## ABOUT THIS EXERCISE
All of the listing below must be repeated word for word. Pictures are the only thing to omit.

## PROVIDED DATA
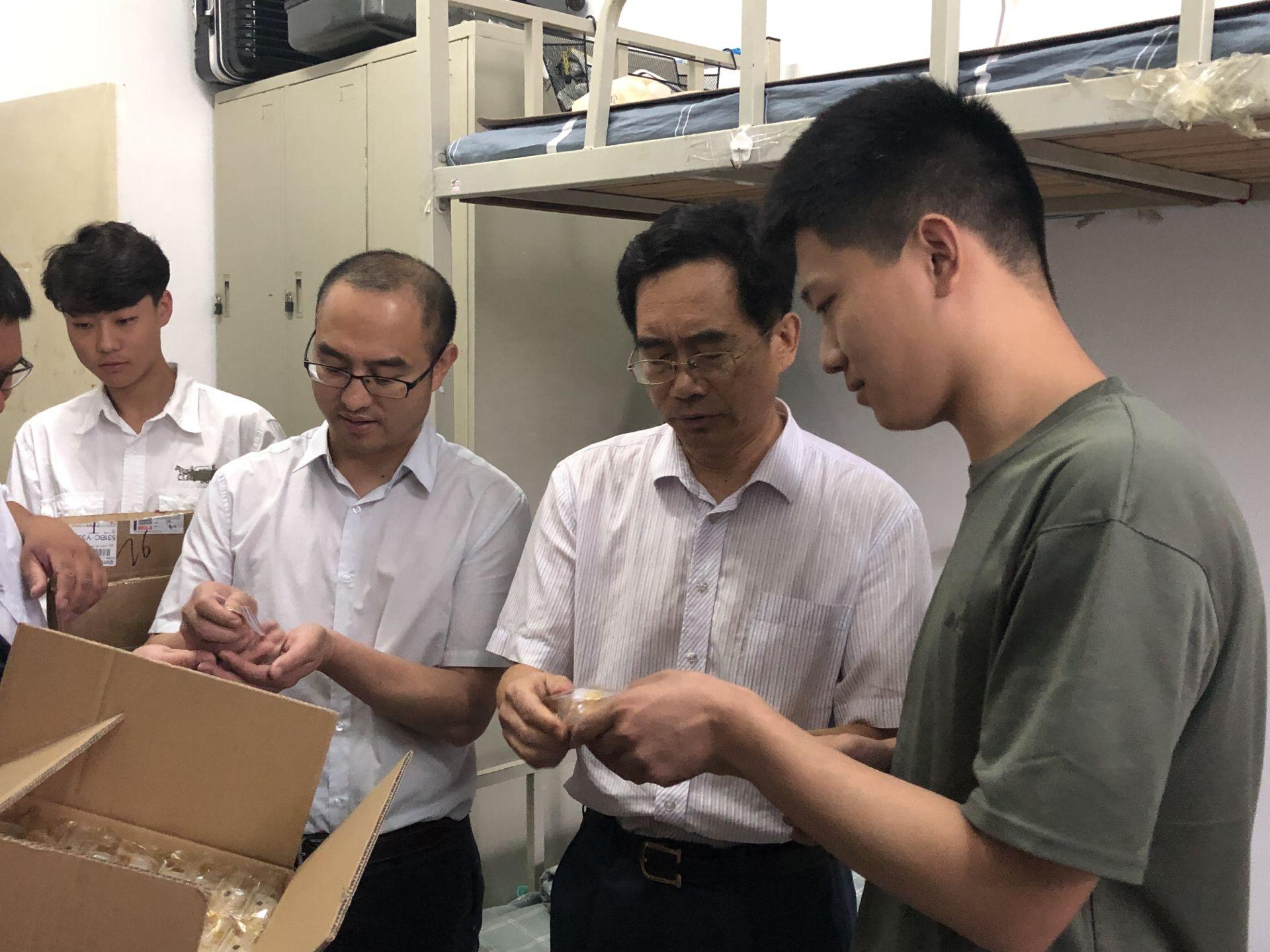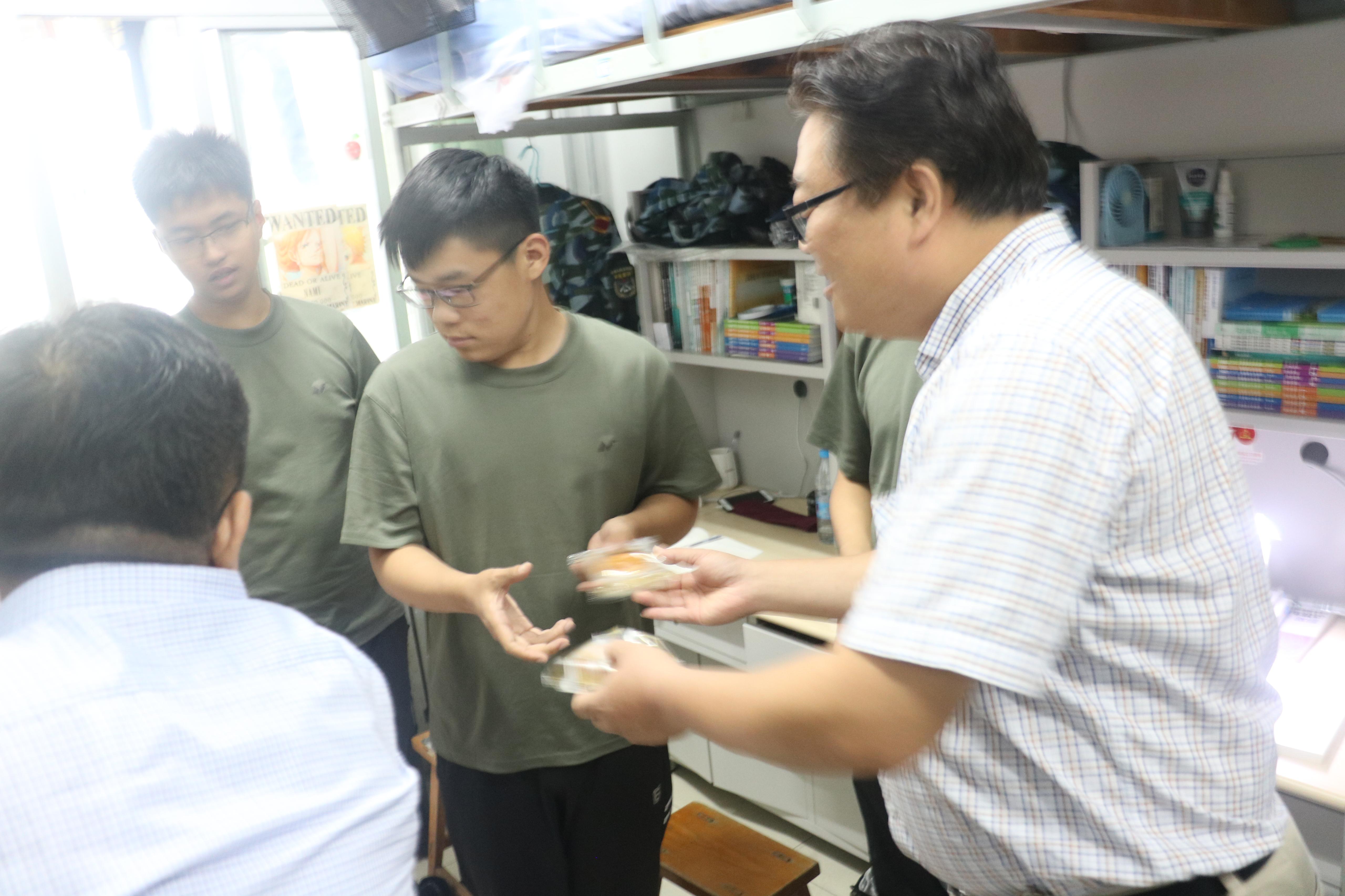 党委书记邱鲁军、院长陈贞翔、正处级组织员季竹君以及学生工作办公室的相关老师走进学生宿舍,为全体新生和班助们送上了属于他们的“济大月饼”和性吧
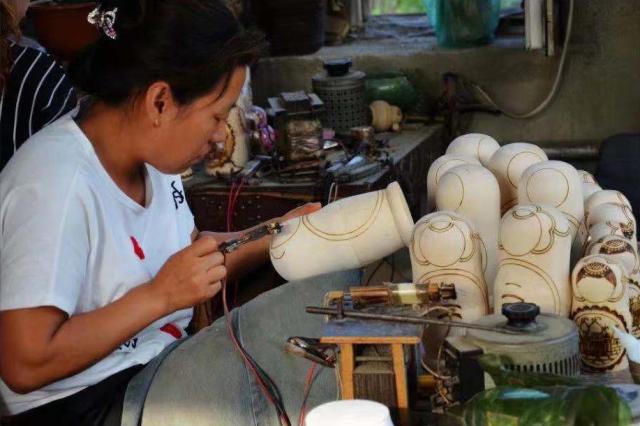 A woman who draws Russian dolls could earn about 3,000 yuan per month while a turner could earn up to 10,000 yuan. Acquiring the craftsmanship, villagers could make a living at home.
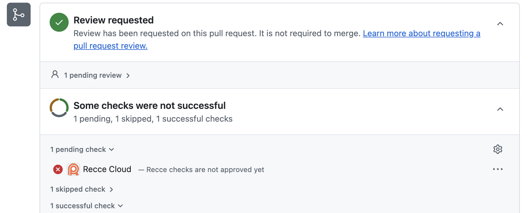 Recce checks appear as status checks on your PR. The blocking is from the Recce Cloud GitHub App and runs automatically. When configured as required checks, reviewers must approve all checks in the checklist before the PR can be merged.

## RESULT OF THIS TASK
 党委书记邱鲁军、院长陈贞翔、正处级组织员季竹君以及学生工作办公室的相关老师走进学生宿舍,为全体新生和班助们送上了属于他们的“济大月饼”和性吧
 A woman who draws Russian dolls could earn about 3,000 yuan per month while a turner could earn up to 10,000 yuan. Acquiring the craftsmanship, villagers could make a living at home.
 Recce checks appear as status checks on your PR. The blocking is from the Recce Cloud GitHub App and runs automatically. When configured as required checks, reviewers must approve all checks in the checklist before the PR can be merged.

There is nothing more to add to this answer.